The Respondent says further that our Criminal law emphasizes that competency is determined by the Court subject to hearing (Criminal Procedure Law 6.3) and such cannot preclude legal proceedings (Criminal Procedure Law 6.4). As to Count 2 of the Bill of Information, Respondents says that citing a 2021 diagnosis of Generalized Anxiety Disorder (GAD) at ELWA Hospital, supported by alleging cognitive decline and impaired judgment does not inherently impair trial competency, particularly absent evidence linking the condition to an inability to understand or participate in proceedings.
Historical medical diagnoses must be accompanied by contemporaneous proof of incapacity to trigger a competency inquiry; accordingly, the Informant/Defendant’s exhibit, dated 2021, is stale and fails to demonstrate current unfitness. Criminal Procedure Law, Title 2, Section 6.2,3,4. As to Count 3 of the Bill of Information, Respondents avers the Informant/Defendant’s actions planning and executing an armed bank robbery, including traveling to Gbarnga to obtain a firearm demonstrate rational, goal-oriented behaviour inconsistent with incapacity, negating any reasonable doubt.
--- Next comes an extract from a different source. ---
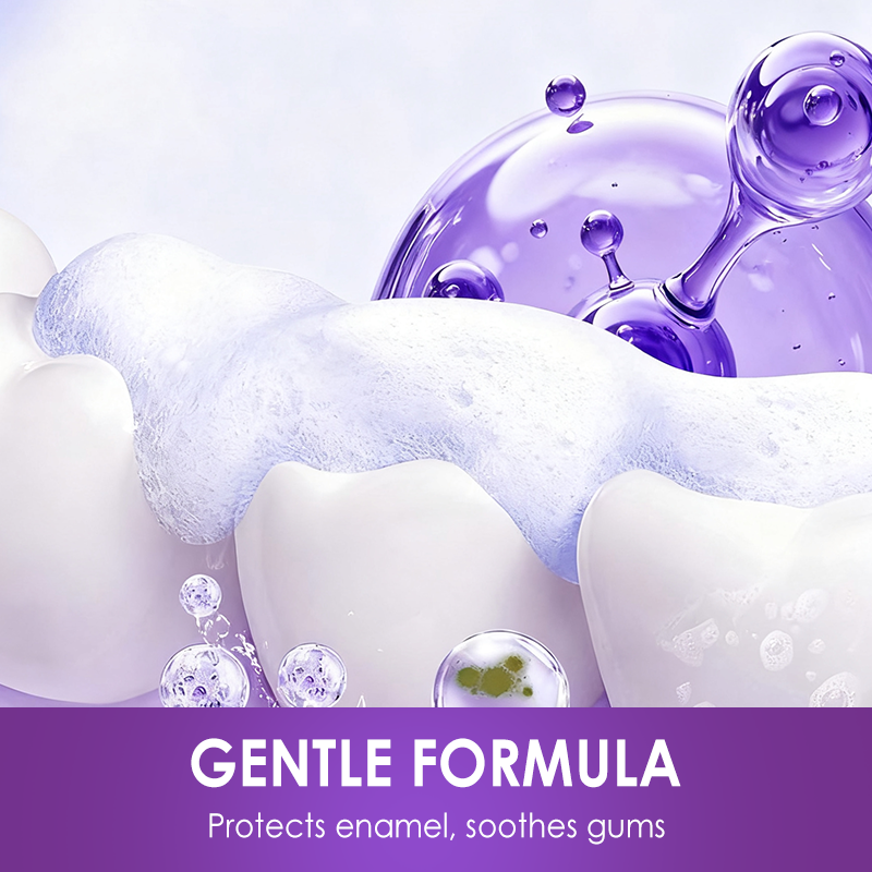De niet-giftige en niet-irriterende formule maakt tanden mild witter, terwijl de gezondheid van het tandglazuur behouden blijft. Beschermt tegen gevoeligheid, ondersteunt de verzorging van het tandvlees en zorgt voor een veilige, kalmerende reinigingservaring die geschikt is voor dagelijkse mondverzorgingsroutines.

As to Count 4, the Respondent submits that no reasonable doubt exists, as required by to justify such an order. The Informant/Defendant has not alleged specific behaviors, disorientation in court or inability to confer with counsel that would trigger an evaluation. the Supreme Court has opined that competency motion absent observable evidence of incapacity, emphasizing that historical diagnoses alone are insufficient.
The respondent prayed court to Deny and dismiss the Bill of Information as procedurally improper and lacking merit; Proceed to trial on the merits, as the Informant/Defendant is competent; Grant unto the Respondent all further relief that justice and equity demand.
Meanwhile, Judge Roosevelt Z. Willie has set this Friday, September 12,2025 to rule in the Bill of information.